Woman says Linden police beat nephew to confess murder

An Enmore resident has alleged that police placed a plastic bag over her nephew’s face and beat him up at the Mackenzie Police Station on Monday evening in trying to force him to confess to a murder that was committed at Kimbia,  Berbice River, earlier this year.

Speaking to Stabroek News at the Linden-Georgetown Bus Park at around 13.00 hrs yesterday, Valerie St. Kitts said she had just left the Mackenzie Police Station where she had spoken to the Commandant, who told her that her nephew had been removed from that police station to Eve Leary where she would be unable to visit him.

“My nephew ain’t eat whole day yesterday,” the distraught woman said, pointing to a styrofoam box and a blue bag that contained a bottle of water. “I come all the way from the East Coast to see him.” St.
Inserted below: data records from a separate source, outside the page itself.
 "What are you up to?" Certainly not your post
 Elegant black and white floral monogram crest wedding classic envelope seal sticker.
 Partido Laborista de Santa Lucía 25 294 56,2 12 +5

Kitts said she had received a telephone call at her Enmore home from her nephew, Quacy Walker, 24, on 18th August, in which he told her that he had been arrested on the previous evening at the Amerindian Hostel in New Amsterdam and taken to the Mackenzie Police Station, Linden.

Valerie St. Kitts
Valerie St. Kitts

According to St. Kitts, her nephew said he had been arrested in connection with the murder of a Jamaican national that occurred at Kimbia about four months ago. She said her nephew told her that he was badly beaten and the police placed a plastic bag over his head to force him to confess to the murder.
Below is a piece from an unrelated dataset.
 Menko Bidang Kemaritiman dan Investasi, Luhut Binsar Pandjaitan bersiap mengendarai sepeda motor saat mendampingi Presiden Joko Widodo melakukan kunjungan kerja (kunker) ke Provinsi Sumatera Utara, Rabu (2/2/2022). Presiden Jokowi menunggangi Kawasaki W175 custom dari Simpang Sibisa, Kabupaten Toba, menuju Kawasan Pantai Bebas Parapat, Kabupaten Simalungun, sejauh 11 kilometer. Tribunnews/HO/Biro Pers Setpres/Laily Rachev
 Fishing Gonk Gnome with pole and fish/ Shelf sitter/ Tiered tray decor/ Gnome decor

St. Kitts said she has a sister, who is a former Toshao for the area, who has returned to the United States of America after receiving several death threats because she had been outspoken against widespread marijuana farming and smoking in the area by certain residents. She said her sister’s shotgun went missing and the police are saying that her nephew had taken possession of the shotgun, which was used in the murder of the Jamaican national.
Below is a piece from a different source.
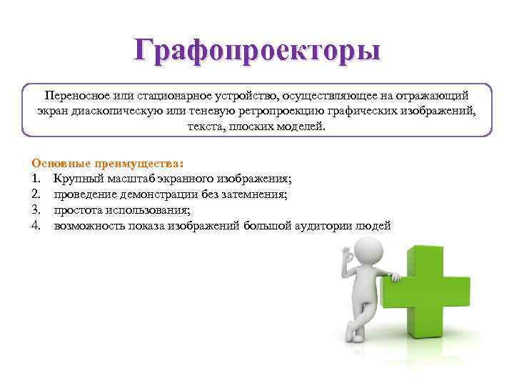 Графопроекторы Переносное или стационарное устройство, осуществляющее на отражающий экран диаскопическую или теневую ретропроекцию графических изображений, текста, плоских моделей. Основные преимущества: 1. Крупный масштаб экранного изображения; 2. проведение демонстрации без затемнения; 3. простота использования; 4. возможность показа изображений большой аудитории людей

She said that the Commander did not say much when she spoke with him at the Mackenzie Police Station around noon yesterday but a detainee shouted from a cell that he was in the lock up when they beat her nephew. She further stated that the detainee shouted out that his name was Adina Bowen.

“Our family want justice for my nephew,” St. Kitts said, adding that she was going to catch a bus to Georgetown and try her luck to see whether she would be allowed to visit and talk with her nephew at Eve Leary.